Around 100 years ago, the chestnut was the most common deciduous tree east of
the Mississippi. The chestnut blight, an accidentally introduced Asian fungus
that causes the bark to fall off, effectively wiped the species out in less
than 40 years. Only suckers from ancient root stocks remain. As soon as a stem
grows thick enough to support a thick bark, the fungus kills it.

During the second half of the 20th century, the Elm effectively became extinct
in the wild, both in Europe and North America, due to the Elm disease.

More recently the Hemlock came under attack from the hemlock woolly adelgid,
an accidentally introduced Asian insect. The next generation will not be able
to imagine what a mature hemlock looked like.

------
thaddeusmt
I remember catching monarch butterfly caterpillars, as a child in New York,
and keeping them with milkweed stems until they formed their chrysalis and
eventually "hatched" as butterflies. Amazing.

We moved West eventually, and I've rarely seen monarchs since. I figured it
was just because of the different habitat (no milkweed), but apparently it's
not just that.

All insects are amazing in their own ways, but monarchs just have that extra
curbside appeal to humans. Sad to hear they are in decline.

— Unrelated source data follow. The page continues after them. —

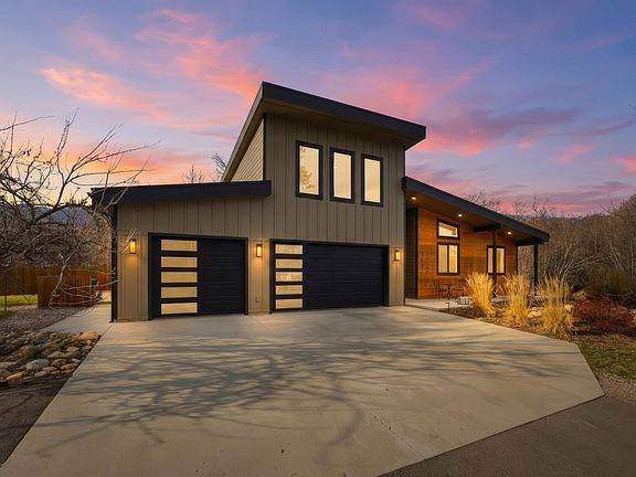 With a warm modern aesthetic, functional floor plan, and superb location, this home is waiting for you to make it yours! Enjoy the impressive vaulted ceilings, gas fireplace and beautifully finished kitchen space. With walls of large windows overlooking a private backyard framed by a trickling brook and trees, it’s easy to feel relaxed in the space. Seek rest in the large primary suite with walk in closet, and an adjacent bathroom boasting a large walk-in shower, soaking tub, and private toilet closet. Three other bedrooms and a full bathroom complete the first level. Head upstairs for a large flex-space, art room, and another ¾ bathroom. A large back covered patio, complete with hot tub, expands your living space into the beautiful outdoors. Fruit trees surround this property and produce throughout the summer and fall. A large attached 3 car garage gives space for vehicles and hobbies. Love where you live, and embrace the mountain modern lifestyle!
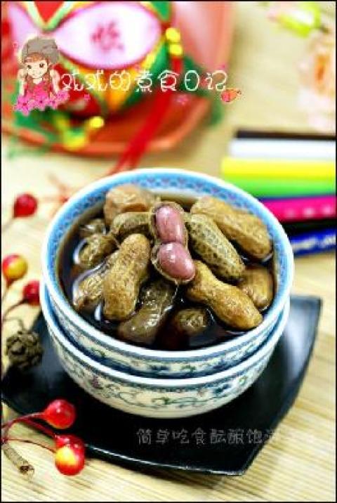 2.锅里放一大碗水,把所有配料放进锅里煮出香味后,下花生,小火煮上半个小时。 关火,倒入陈醋。
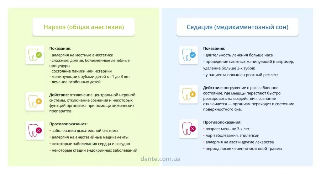 В стоматологии наркоз используется только в тех случаях, когда нельзя обойтись местной анестезией или седацией:
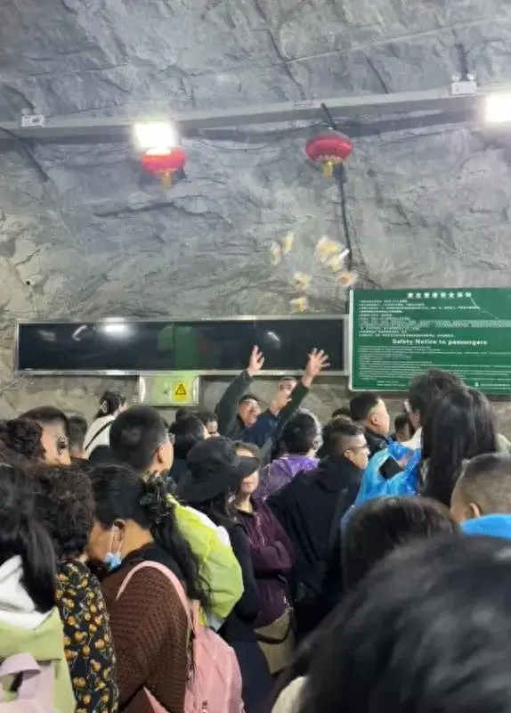 游客提供的现场视频显示,有身穿制服的工作人员在维持秩序。现场有工作人员向游客分发点心,现场游客排队有序。

Regardless of the link-bait/fear-mongering at play in any environmental
journalism these days... I have genuine concern about growing the impact of
humans on the earth. It's hard to remain optimistic sometimes, even as a
technology-positive person.

------
rosser
I'm starting to wonder seriously if we haven't already passed an inflection
point in the wanton destruction of the environment from which we'll never
fully recover. Someone please convince me we haven't broken our planet beyond
its ability to carry us.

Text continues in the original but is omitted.